- Records from a data collection:

------

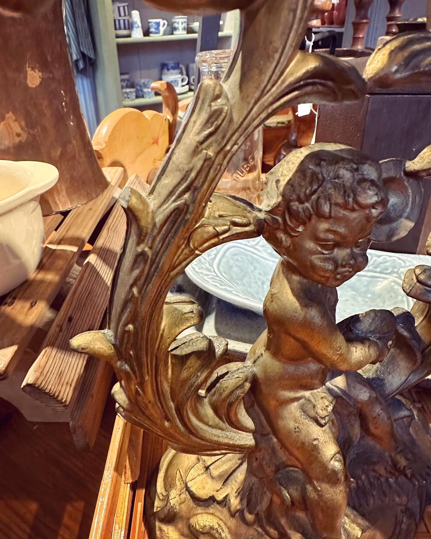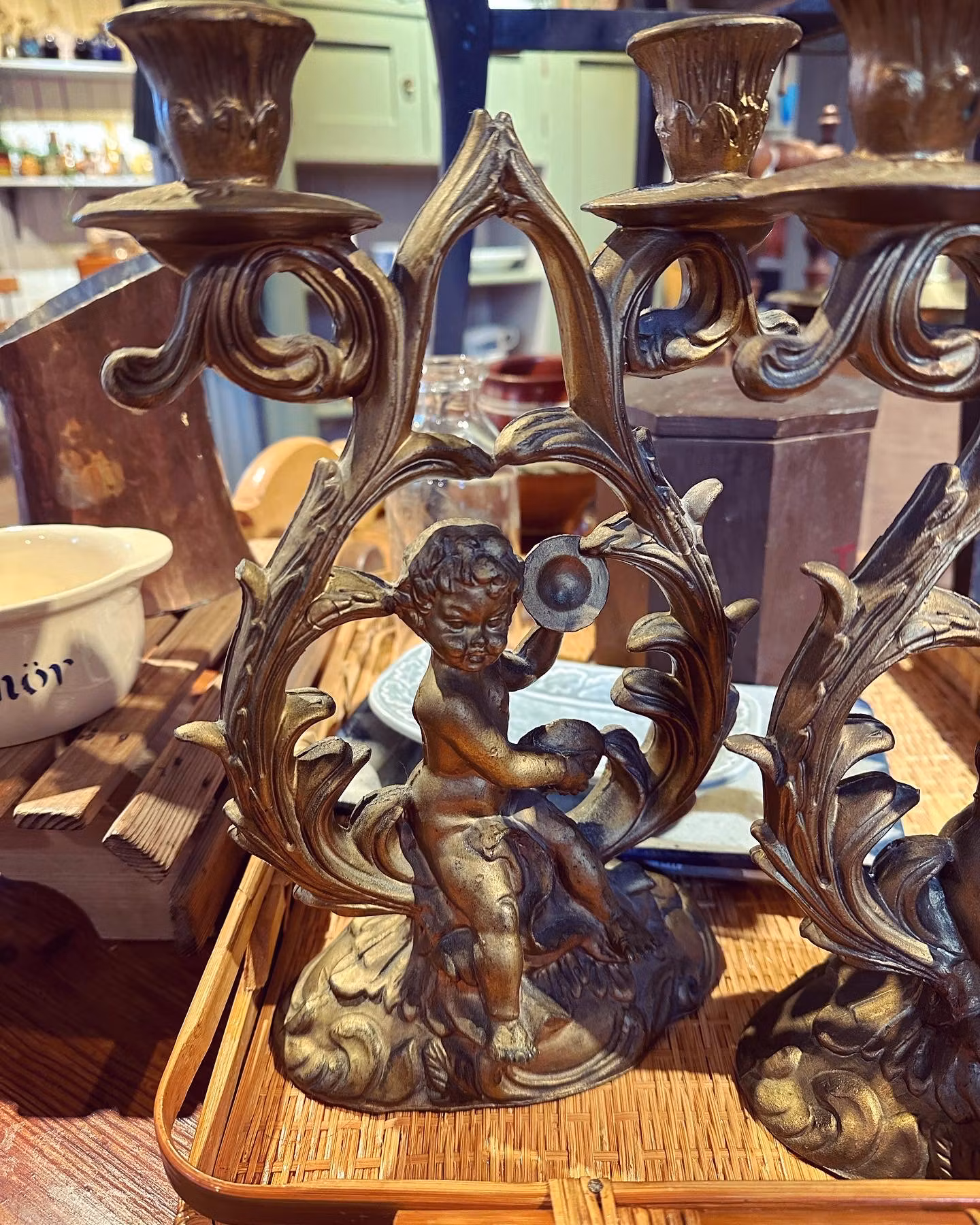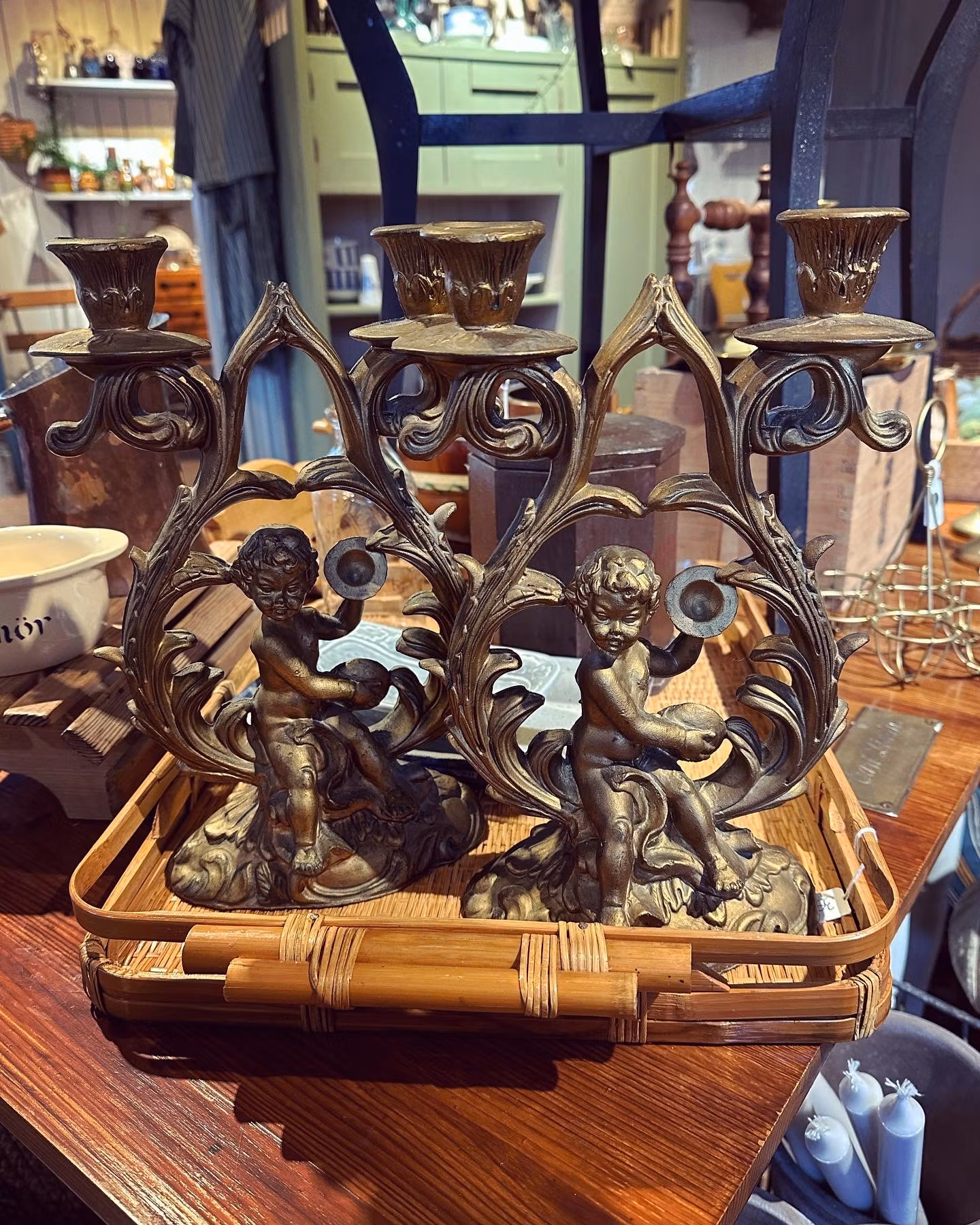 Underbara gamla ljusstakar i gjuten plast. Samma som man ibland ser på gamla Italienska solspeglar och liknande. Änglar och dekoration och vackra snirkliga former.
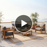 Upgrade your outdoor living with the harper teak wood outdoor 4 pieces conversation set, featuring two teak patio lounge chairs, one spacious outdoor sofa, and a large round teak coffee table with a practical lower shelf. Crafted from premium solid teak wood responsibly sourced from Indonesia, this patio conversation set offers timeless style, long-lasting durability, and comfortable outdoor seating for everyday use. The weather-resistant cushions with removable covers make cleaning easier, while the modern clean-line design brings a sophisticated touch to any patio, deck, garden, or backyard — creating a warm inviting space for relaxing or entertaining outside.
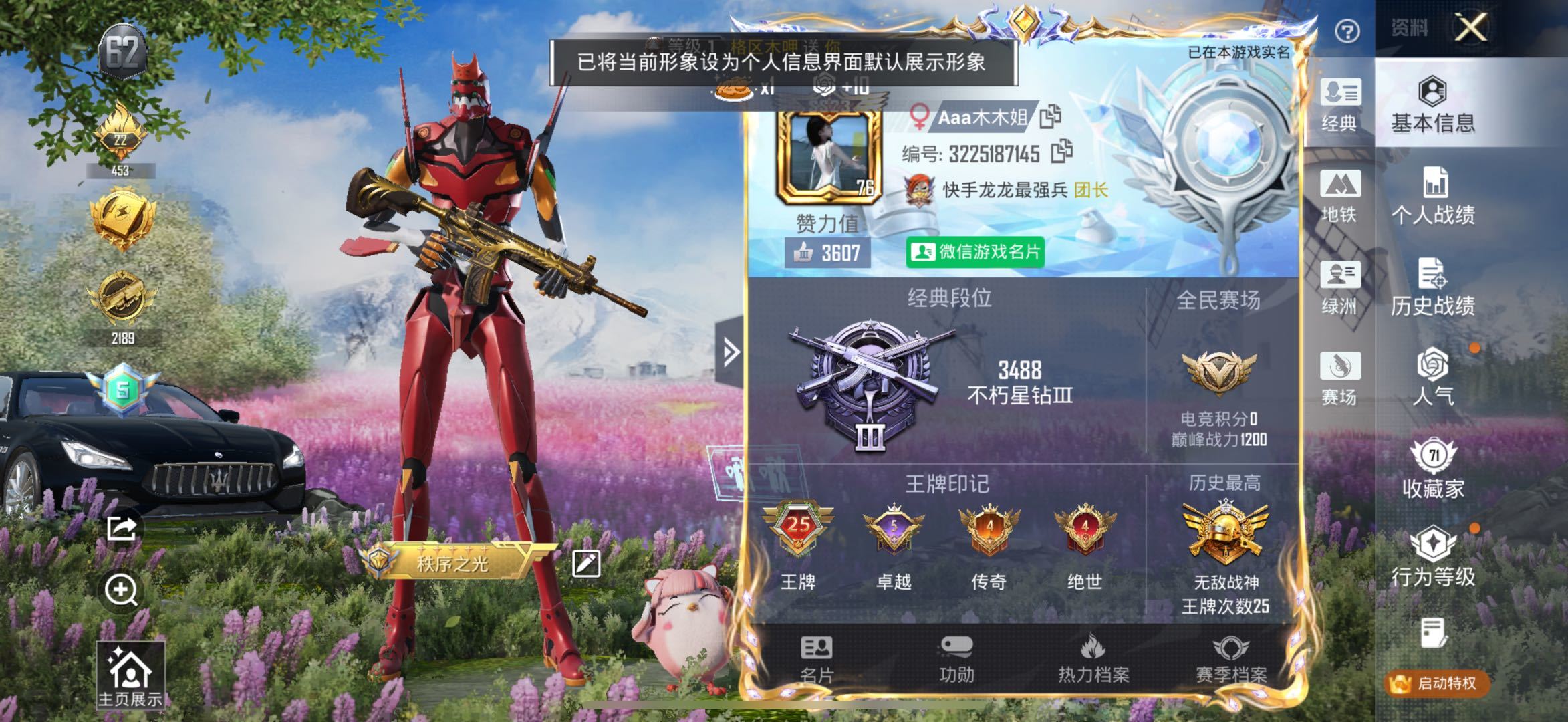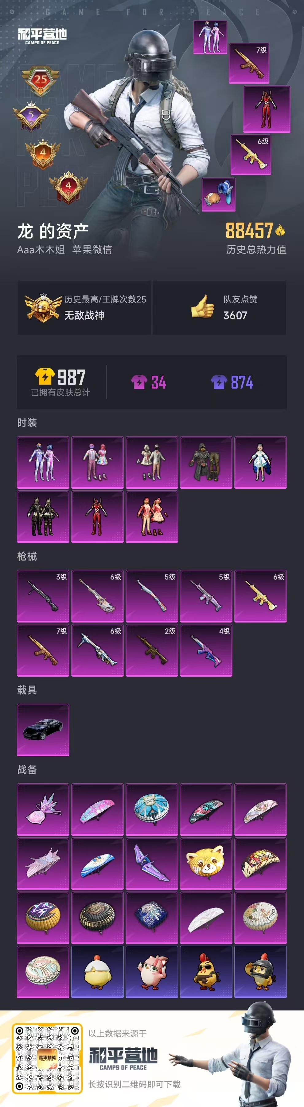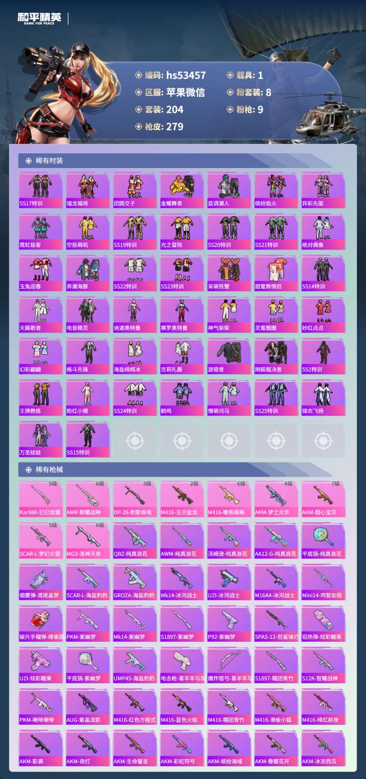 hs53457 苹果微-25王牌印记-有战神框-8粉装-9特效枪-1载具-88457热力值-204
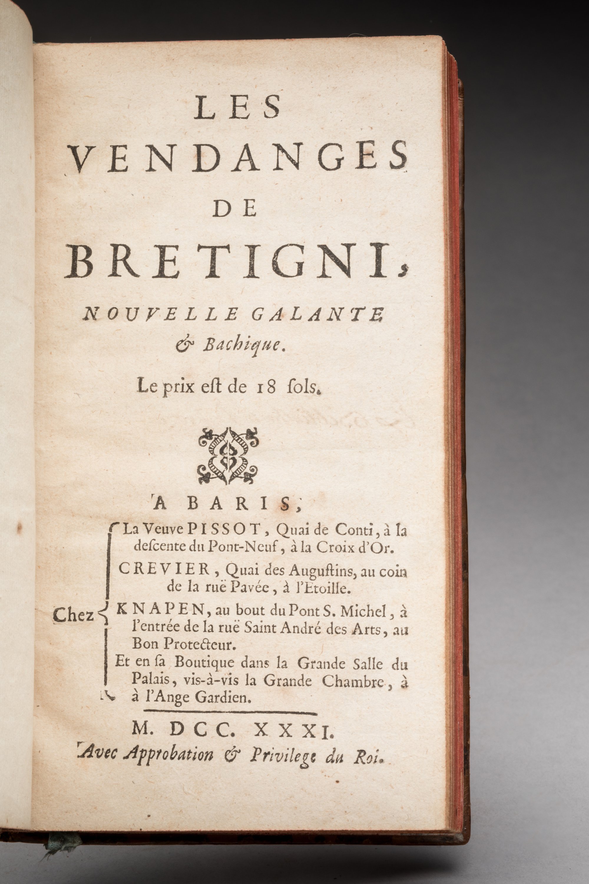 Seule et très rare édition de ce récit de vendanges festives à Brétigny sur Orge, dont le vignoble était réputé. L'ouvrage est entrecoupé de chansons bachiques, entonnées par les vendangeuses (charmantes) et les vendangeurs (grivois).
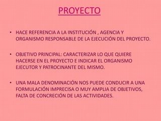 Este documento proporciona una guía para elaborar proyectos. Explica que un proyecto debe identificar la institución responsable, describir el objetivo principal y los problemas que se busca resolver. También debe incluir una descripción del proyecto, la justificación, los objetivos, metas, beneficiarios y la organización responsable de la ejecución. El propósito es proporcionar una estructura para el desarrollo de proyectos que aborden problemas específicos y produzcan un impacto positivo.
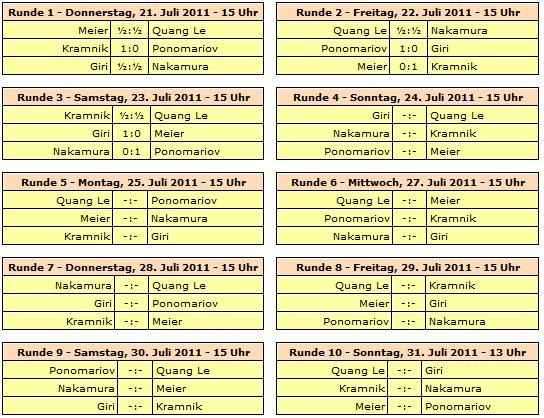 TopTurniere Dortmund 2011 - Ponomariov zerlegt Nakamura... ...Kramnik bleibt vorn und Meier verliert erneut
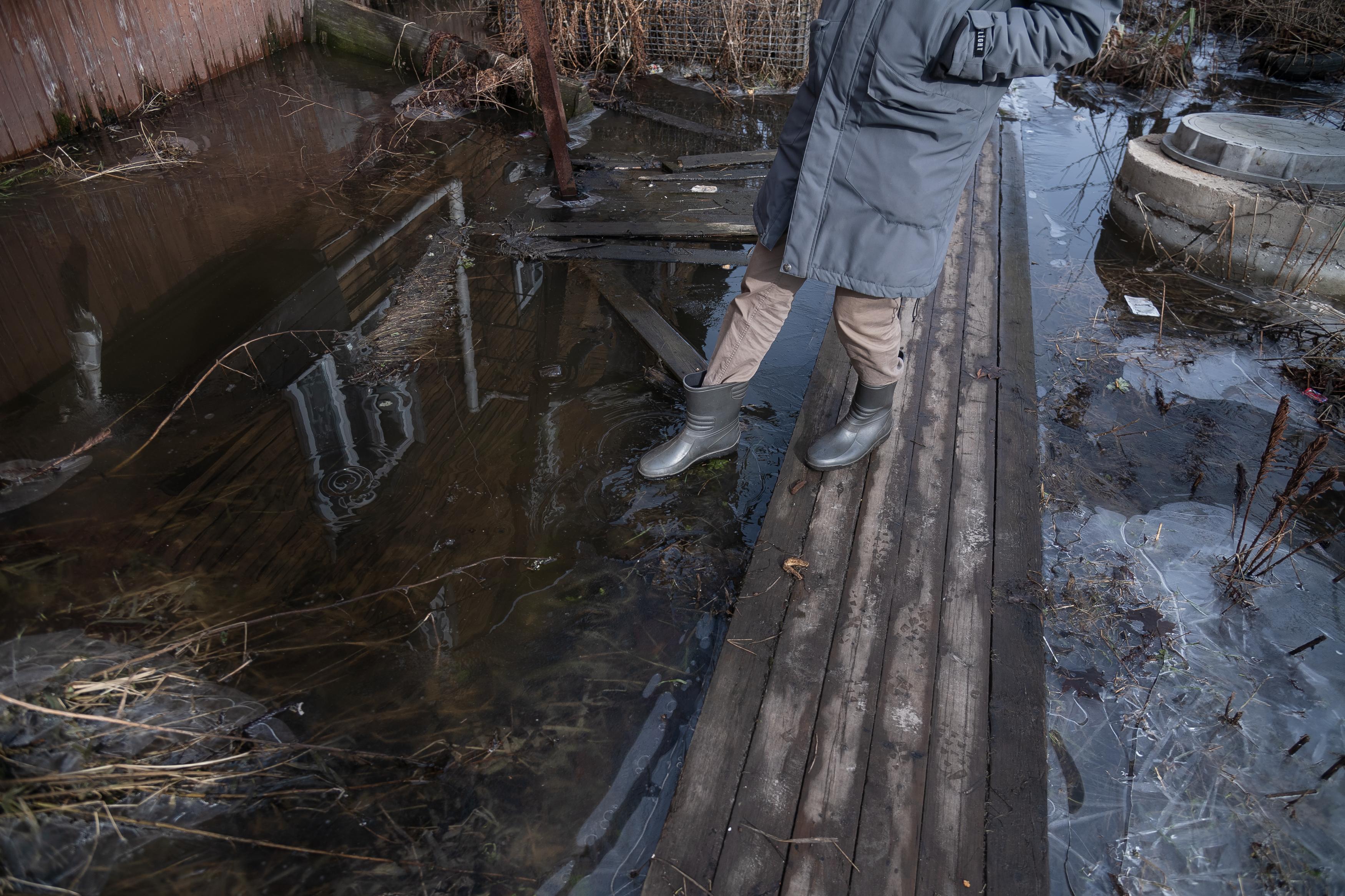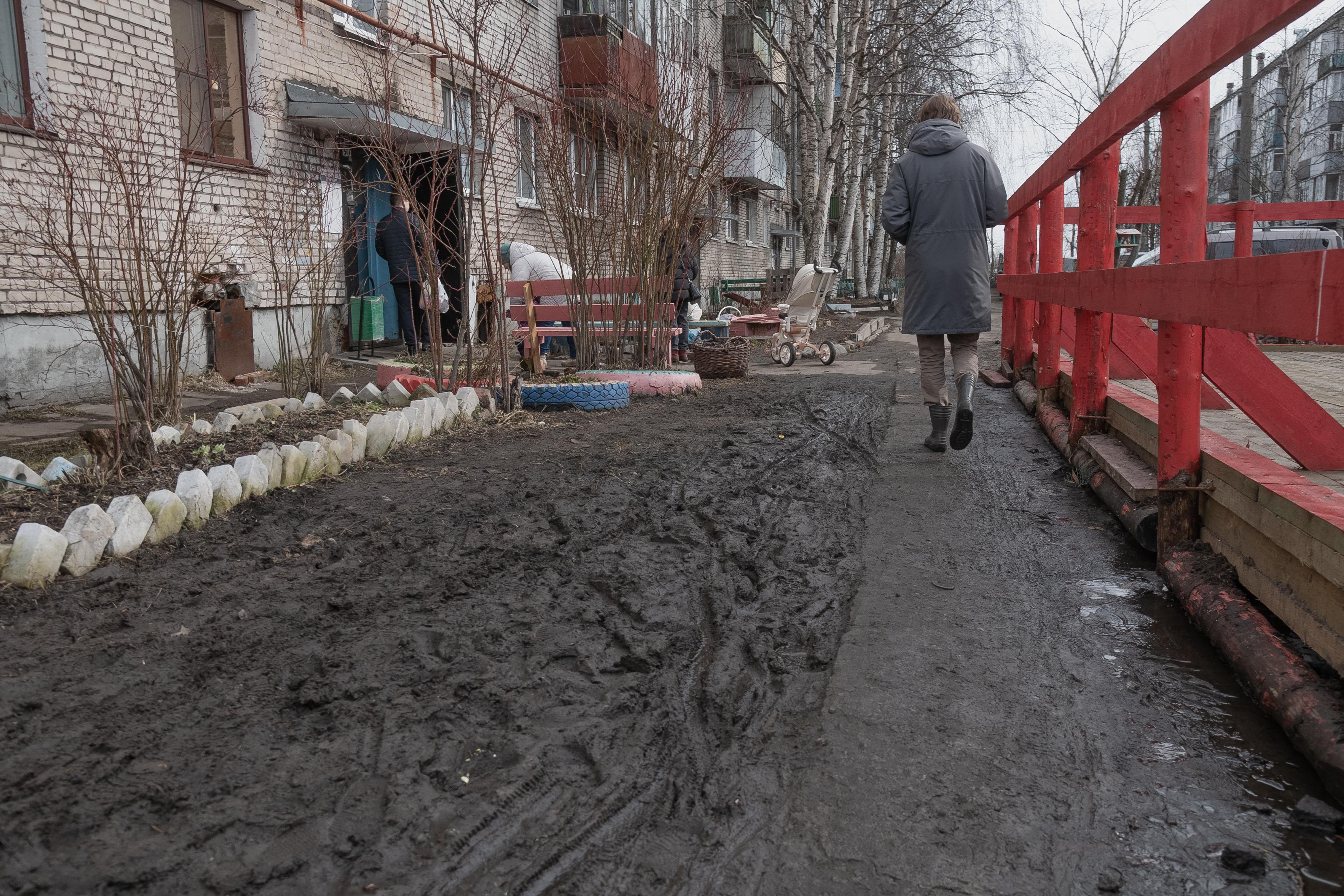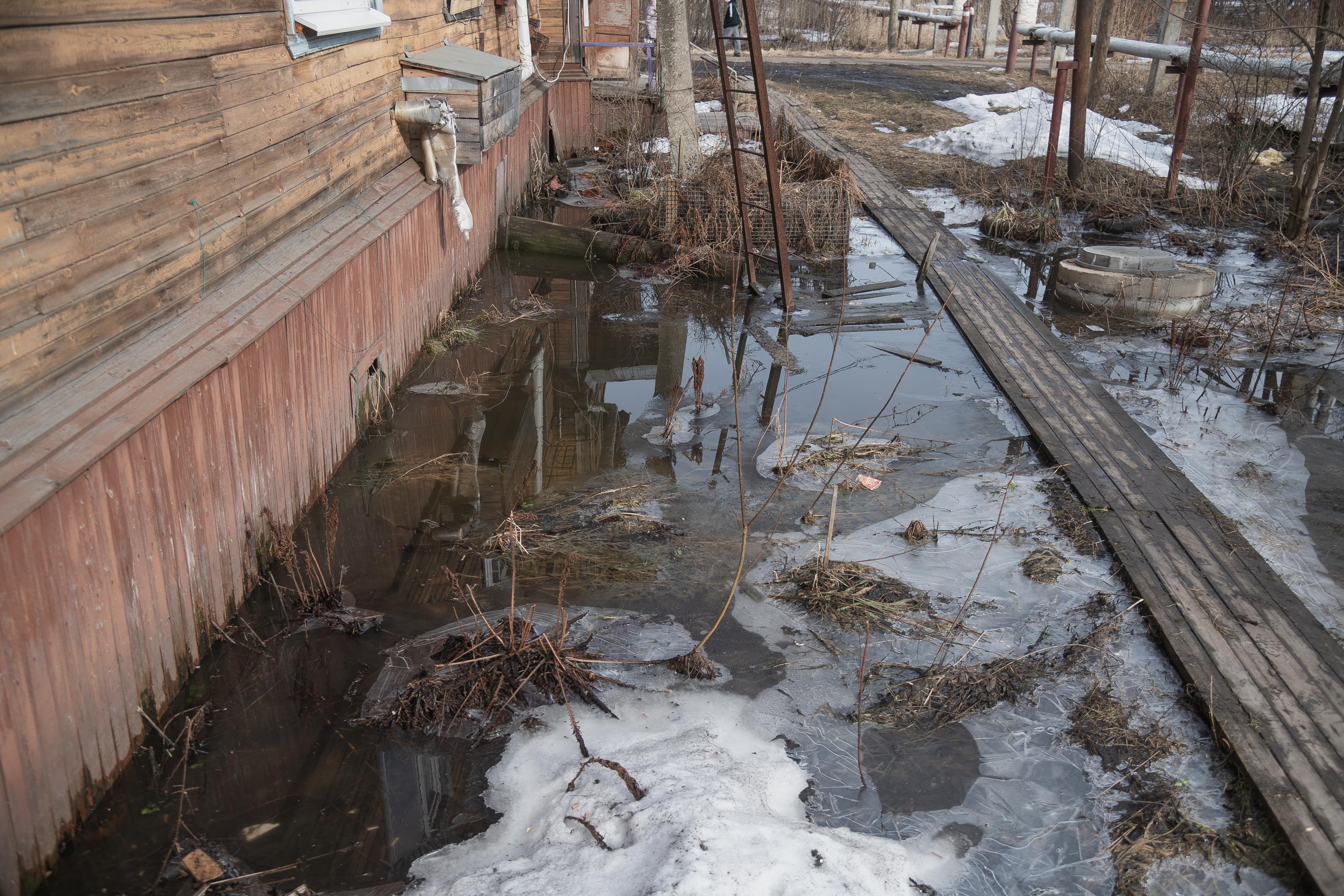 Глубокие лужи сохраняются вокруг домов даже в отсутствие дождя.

------

- Try it: With the pictures omitted, restate word for word the lines above from the line that has "hs53457 苹果微-25" up to and including the line that has "Seule et très", and no other lines.

- Completed task:
 hs53457 苹果微-25王牌印记-有战神框-8粉装-9特效枪-1载具-88457热力值-204
 Seule et très rare édition de ce récit de vendanges festives à Brétigny sur Orge, dont le vignoble était réputé. L'ouvrage est entrecoupé de chansons bachiques, entonnées par les vendangeuses (charmantes) et les vendangeurs (grivois).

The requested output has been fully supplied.